Long-time large deviations for the multi-asset Wishart stochastic volatility model and option pricing

TL;DR

This paper establishes a large deviations principle for multi-asset Wishart stochastic volatility models, extending the Heston model to multiple assets, and applies it to approximate basket option implied volatility and improve Monte Carlo simulations.

Contribution

It introduces a large deviations framework for multidimensional Wishart stochastic volatility models and applies it to option pricing and simulation efficiency.

Findings

Large deviations principle proven for Wishart models

Asymptotic approximation for basket option implied volatility

Development of an optimal importance sampling algorithm

Abstract

We prove a large deviations principle for the class of multidimensional affine stochastic volatility models considered in (Gourieroux, C. and Sufana, R., J. Bus.
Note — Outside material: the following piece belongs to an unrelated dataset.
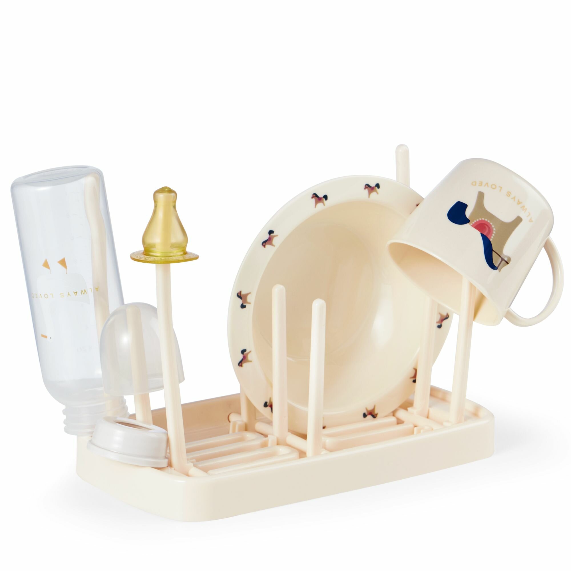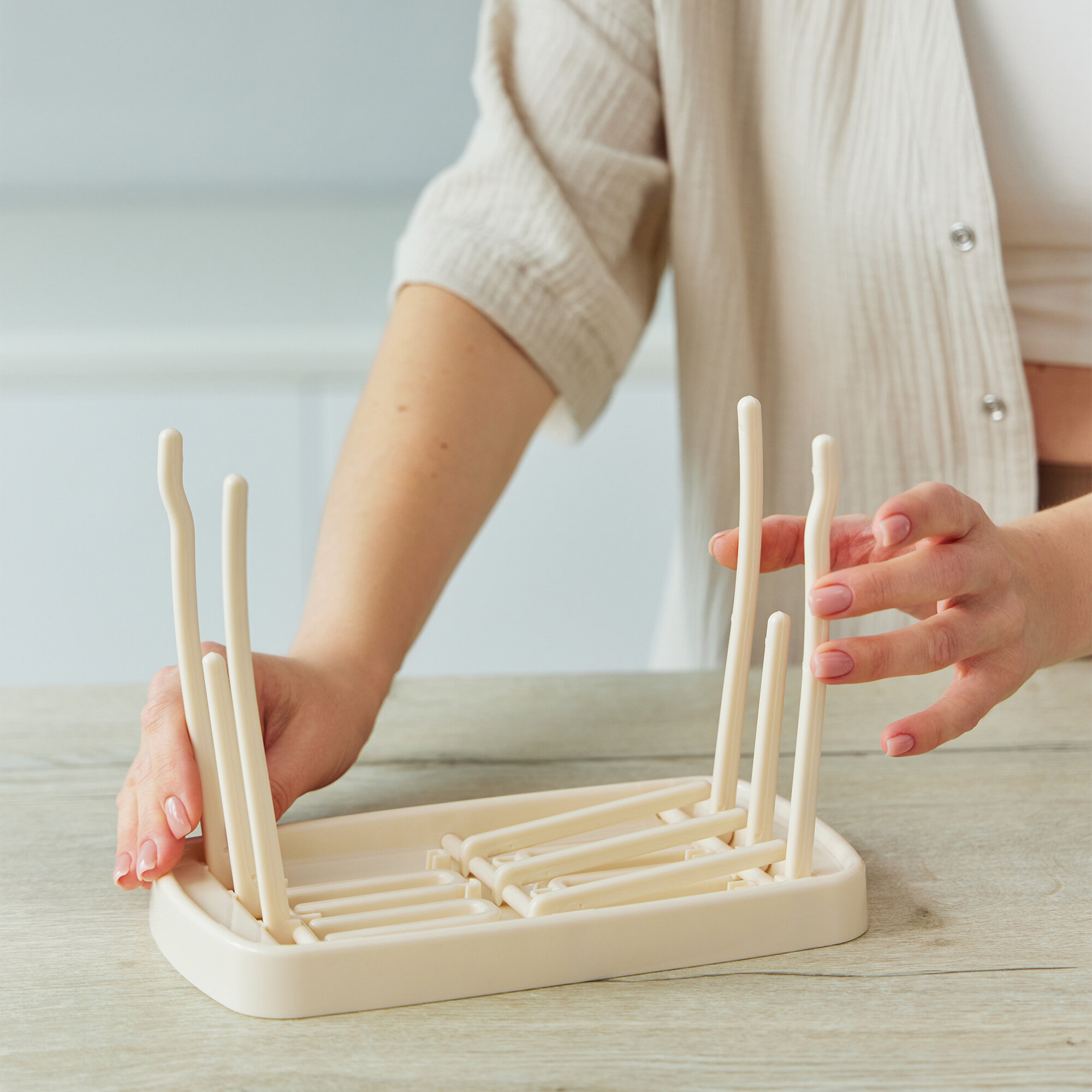 33010, Сушилка для бутылочек и сосок Happy Baby, подставка для посуды настольная, складная, компактная, кремовая
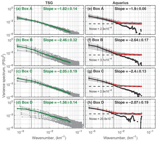 Wavenumber spectrum of SSS calculated from (a–d) TSG data and (e–h) Aquarius SSS datasets. For TSG data, the gray curves show individual wavenumber spectrum, and the green curves show their regional averages. For Aquarius data, the red curves show the regional averages, and the black curves show the spectrum without noise. The locations of the boxes are shown in Figure 3 by the black rectangles.

Econ. Stat., 28(3), 2010), where the volatility matrix is modelled by a Wishart process. This class extends the very popular Heston model to the multivariate setting, thus allowing to model the joint behaviour of a basket of stocks or several interest rates. We then use the large deviation principle to obtain an asymptotic approximation for the implied volatility of basket options and to develop an asymptotically optimal importance sampling algorithm, to reduce the number of simulations when using Monte-Carlo methods to price derivatives.